Die Vorteile eines Schottenrocks
Nicht die einzige Zote, der es am hintergründigen Biss alter Tage fehlt. "Gut, dass ich einen Rock trage", findet Söllner - am Heiligen Abend 1955 geboren und quasi ein Christkind. Der Schottenrock ließe sich lupfen, was es "denen da oben" erleichtere, ihn "am Arsch zu lecken". Die Krawallschachtel aus Bad Reichenhall ist tatsächlich gewillt, im Zehn-Minuten-Takt dem gelungenen Liederabend jegliche Harmonie zu entreißen. An sich nicht verkehrt - und manchmal klappt das auch niveauvoller.
Immer dann nämlich, wenn's humoresk statt stänkernd wird. Herrlich sein Ratschlag, nach dem Konzert einfach mal zu einer im Auto wartenden Polizeistreife zu schlendern, die hintere Tür auf- und sogleich wieder zuzumachen. "Es kann sein, dass ihr dann drei Tage nicht nach Hause kommt. Und acht Monate später bei der Verhandlung gefragt werdet: Was haben Sie sich dabei gedacht?" Sein Tipp für eine gelungene Antwort: Man habe nur schauen wollen, ob die Tür funktioniere. Ja, lustig.

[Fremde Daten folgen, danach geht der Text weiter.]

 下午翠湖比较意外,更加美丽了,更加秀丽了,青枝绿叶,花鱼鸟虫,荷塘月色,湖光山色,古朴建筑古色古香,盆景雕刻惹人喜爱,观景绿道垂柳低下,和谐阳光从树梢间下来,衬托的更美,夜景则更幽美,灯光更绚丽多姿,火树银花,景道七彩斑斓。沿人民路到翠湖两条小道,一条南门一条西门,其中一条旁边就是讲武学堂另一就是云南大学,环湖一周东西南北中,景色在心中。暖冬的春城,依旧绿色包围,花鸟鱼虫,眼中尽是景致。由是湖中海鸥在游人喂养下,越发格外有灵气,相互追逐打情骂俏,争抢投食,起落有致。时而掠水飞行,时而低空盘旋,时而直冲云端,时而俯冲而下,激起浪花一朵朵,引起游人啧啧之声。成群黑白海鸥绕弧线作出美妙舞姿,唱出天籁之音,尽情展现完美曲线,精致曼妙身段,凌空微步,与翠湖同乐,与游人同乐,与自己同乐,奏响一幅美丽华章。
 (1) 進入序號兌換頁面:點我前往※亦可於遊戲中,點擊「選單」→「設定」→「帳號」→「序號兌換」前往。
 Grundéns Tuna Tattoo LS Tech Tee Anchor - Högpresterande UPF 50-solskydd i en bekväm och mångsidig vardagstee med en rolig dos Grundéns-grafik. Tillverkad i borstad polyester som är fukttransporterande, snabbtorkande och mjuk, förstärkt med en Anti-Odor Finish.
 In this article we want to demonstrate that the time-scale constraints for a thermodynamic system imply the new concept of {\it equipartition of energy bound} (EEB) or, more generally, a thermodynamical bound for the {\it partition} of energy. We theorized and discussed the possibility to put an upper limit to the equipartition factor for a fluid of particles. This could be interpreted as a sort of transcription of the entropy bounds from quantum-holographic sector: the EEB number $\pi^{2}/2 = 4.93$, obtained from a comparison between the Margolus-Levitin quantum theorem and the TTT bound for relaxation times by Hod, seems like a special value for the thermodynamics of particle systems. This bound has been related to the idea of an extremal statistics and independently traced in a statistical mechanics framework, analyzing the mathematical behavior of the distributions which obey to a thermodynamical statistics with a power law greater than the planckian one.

Thermomix-Abend statt Impftermin
Mächtig viel liegt dem Mundart-Musiker an Zivilcourage. "Habt den Mut, etwas zu tun" - die Botschaft ist der Rote Faden der knapp zwei Stunden. Das Eintreten für Freiheit dürfe ruhig weh tun. "Mut haben, egal wie kindisch er ist" - ach, bliebe der Hans doch die ganze Zeit bei dieser Botschaft. Es kämen mehr solche Schenkelklopfer rum: "Immer wenn einer fragt: Bist du geimpft? Dann sag ich: Ich mach erst mal einen Thermomix-Abend."
Hans Söllner ist am stärksten, wenn er reduziert - nicht gegen die Impfpolitik - stichelt, wenn er seinen eigenen Lebensstil präsentiert, zu dem auch bewusstseinserweiternde Substanzen gehören. Wenn er singt, wie sein "Vodda" aufblüht, seit er "an Marihuanabam" hat. Oder sich dankend verbeugt vor Gott und der Welt ("Loben und preisen"). Dann wird fröhlich getanzt. Und plötzlich ist da doch Harmonie. Passt ja auch besser zum Kiffen.

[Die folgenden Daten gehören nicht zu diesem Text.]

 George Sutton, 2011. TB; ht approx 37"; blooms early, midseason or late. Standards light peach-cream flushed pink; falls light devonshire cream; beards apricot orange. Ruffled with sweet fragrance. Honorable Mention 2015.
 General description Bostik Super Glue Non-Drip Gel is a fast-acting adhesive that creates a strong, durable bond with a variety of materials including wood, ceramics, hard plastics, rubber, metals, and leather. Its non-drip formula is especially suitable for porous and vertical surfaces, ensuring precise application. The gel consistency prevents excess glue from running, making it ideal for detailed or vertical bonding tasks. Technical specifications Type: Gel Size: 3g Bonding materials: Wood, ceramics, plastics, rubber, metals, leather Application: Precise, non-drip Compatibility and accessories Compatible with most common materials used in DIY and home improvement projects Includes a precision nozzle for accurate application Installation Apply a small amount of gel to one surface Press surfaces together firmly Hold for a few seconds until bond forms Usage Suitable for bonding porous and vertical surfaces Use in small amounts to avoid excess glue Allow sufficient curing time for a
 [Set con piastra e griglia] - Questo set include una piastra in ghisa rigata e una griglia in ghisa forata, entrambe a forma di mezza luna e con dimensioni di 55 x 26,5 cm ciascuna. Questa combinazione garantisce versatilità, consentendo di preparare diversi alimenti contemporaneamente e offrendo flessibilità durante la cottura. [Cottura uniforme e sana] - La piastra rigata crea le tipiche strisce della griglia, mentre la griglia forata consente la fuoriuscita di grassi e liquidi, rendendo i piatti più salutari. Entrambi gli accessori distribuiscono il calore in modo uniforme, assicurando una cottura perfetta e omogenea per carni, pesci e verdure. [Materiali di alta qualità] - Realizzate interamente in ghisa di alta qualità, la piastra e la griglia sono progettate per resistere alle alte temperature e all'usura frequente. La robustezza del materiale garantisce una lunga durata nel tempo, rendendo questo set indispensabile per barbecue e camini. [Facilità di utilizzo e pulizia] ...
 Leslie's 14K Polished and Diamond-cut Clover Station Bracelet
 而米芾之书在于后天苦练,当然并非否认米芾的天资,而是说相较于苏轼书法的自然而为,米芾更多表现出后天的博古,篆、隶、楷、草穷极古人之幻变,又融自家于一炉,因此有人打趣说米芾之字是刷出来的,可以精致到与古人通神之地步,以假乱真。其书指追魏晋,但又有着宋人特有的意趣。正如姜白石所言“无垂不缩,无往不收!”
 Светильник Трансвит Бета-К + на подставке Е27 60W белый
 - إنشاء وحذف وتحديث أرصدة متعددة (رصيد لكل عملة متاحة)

mit dem Katzeklosänger verwandt?
unterirdisch, genau das hab ich auch gedacht, als ich diesen Konzertverriss gelesen habe.

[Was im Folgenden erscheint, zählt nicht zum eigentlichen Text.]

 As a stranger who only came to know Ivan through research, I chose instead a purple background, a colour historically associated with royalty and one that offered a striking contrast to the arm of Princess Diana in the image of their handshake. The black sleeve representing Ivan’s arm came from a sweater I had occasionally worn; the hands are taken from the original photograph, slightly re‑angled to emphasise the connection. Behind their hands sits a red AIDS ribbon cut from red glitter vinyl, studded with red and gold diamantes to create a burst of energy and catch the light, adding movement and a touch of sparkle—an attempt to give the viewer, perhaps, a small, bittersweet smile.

Es kann gut sein, dass die Ausdrucksweise des Herrn Söllner manchmal etwas sehr deftig ist, und die Polarisierung als Stilmittel wird gelegentlich auch arg strapaziert; trotzdem hat Herr Söllner etwas ganz ausserordentliches geleistet, was im Artikel leider keine Erwähnung findet:
Gerade durch seine Aufmüpfigkeit, das beharrliche Stänkern gegen "die da oben", die penetrante Aufforderung zum mutig und vor allem ehrlich sein, und durch seine Eulenspiegel-gleiche Fähigkeit, die Welt realistisch zu betrachten hat Herr Söllner die letzten 35 Jahre versucht, aus der Welt einen besseren Ort zu schaffen.
Und genau dafür hat Herr Söllner Respekt verdient.
Naja, und wenn's dem Herrn Bauer halt nicht so getaugt hat, dann war's eben schad' ums Eintrittsgeld.
Is halt einfach so, wer auf ein Söllner Konzert geht, hört genau das, was die eigene Interpretationsfähigkeit draus zu schaffen vermag.